INFORMATION PROVIDED>
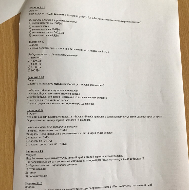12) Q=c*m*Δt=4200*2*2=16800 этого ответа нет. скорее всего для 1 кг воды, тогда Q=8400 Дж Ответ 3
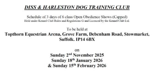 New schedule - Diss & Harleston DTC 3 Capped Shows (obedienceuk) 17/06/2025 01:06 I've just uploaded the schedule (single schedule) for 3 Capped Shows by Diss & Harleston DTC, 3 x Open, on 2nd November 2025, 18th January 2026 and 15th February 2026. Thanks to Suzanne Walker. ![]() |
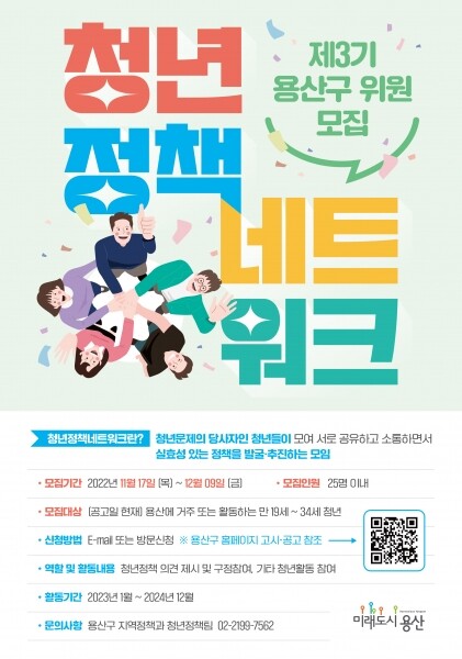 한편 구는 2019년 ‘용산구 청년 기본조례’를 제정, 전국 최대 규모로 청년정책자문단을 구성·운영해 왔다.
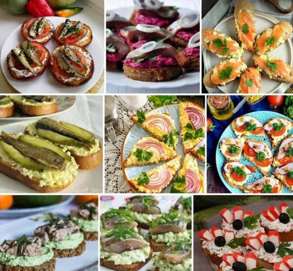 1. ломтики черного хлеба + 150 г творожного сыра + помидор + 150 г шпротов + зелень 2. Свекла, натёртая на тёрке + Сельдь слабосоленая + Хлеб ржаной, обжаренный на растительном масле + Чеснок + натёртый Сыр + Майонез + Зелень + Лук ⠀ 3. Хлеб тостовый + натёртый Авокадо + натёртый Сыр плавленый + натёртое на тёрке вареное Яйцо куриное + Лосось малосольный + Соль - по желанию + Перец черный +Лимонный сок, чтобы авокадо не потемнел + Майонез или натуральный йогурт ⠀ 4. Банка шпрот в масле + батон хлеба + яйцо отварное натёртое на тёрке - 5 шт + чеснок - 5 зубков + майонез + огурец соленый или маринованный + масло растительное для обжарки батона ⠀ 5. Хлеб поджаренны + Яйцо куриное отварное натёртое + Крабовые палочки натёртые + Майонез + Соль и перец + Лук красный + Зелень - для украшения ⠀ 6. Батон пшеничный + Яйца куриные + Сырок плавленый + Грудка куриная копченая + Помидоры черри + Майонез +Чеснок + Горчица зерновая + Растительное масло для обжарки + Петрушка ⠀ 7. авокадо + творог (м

TASK INSTRUCTIONS> Starting with the line that contains "New schedule - Diss", reproduce every line down to the end of the listing above, both endpoints included. Pictures stay out.

ANSWER BELOW>
 New schedule - Diss & Harleston DTC 3 Capped Shows (obedienceuk) 17/06/2025 01:06 I've just uploaded the schedule (single schedule) for 3 Capped Shows by Diss & Harleston DTC, 3 x Open, on 2nd November 2025, 18th January 2026 and 15th February 2026. Thanks to Suzanne Walker. ![]() |
 한편 구는 2019년 ‘용산구 청년 기본조례’를 제정, 전국 최대 규모로 청년정책자문단을 구성·운영해 왔다.
 1. ломтики черного хлеба + 150 г творожного сыра + помидор + 150 г шпротов + зелень 2. Свекла, натёртая на тёрке + Сельдь слабосоленая + Хлеб ржаной, обжаренный на растительном масле + Чеснок + натёртый Сыр + Майонез + Зелень + Лук ⠀ 3. Хлеб тостовый + натёртый Авокадо + натёртый Сыр плавленый + натёртое на тёрке вареное Яйцо куриное + Лосось малосольный + Соль - по желанию + Перец черный +Лимонный сок, чтобы авокадо не потемнел + Майонез или натуральный йогурт ⠀ 4. Банка шпрот в масле + батон хлеба + яйцо отварное натёртое на тёрке - 5 шт + чеснок - 5 зубков + майонез + огурец соленый или маринованный + масло растительное для обжарки батона ⠀ 5. Хлеб поджаренны + Яйцо куриное отварное натёртое + Крабовые палочки натёртые + Майонез + Соль и перец + Лук красный + Зелень - для украшения ⠀ 6. Батон пшеничный + Яйца куриные + Сырок плавленый + Грудка куриная копченая + Помидоры черри + Майонез +Чеснок + Горчица зерновая + Растительное масло для обжарки + Петрушка ⠀ 7. авокадо + творог (м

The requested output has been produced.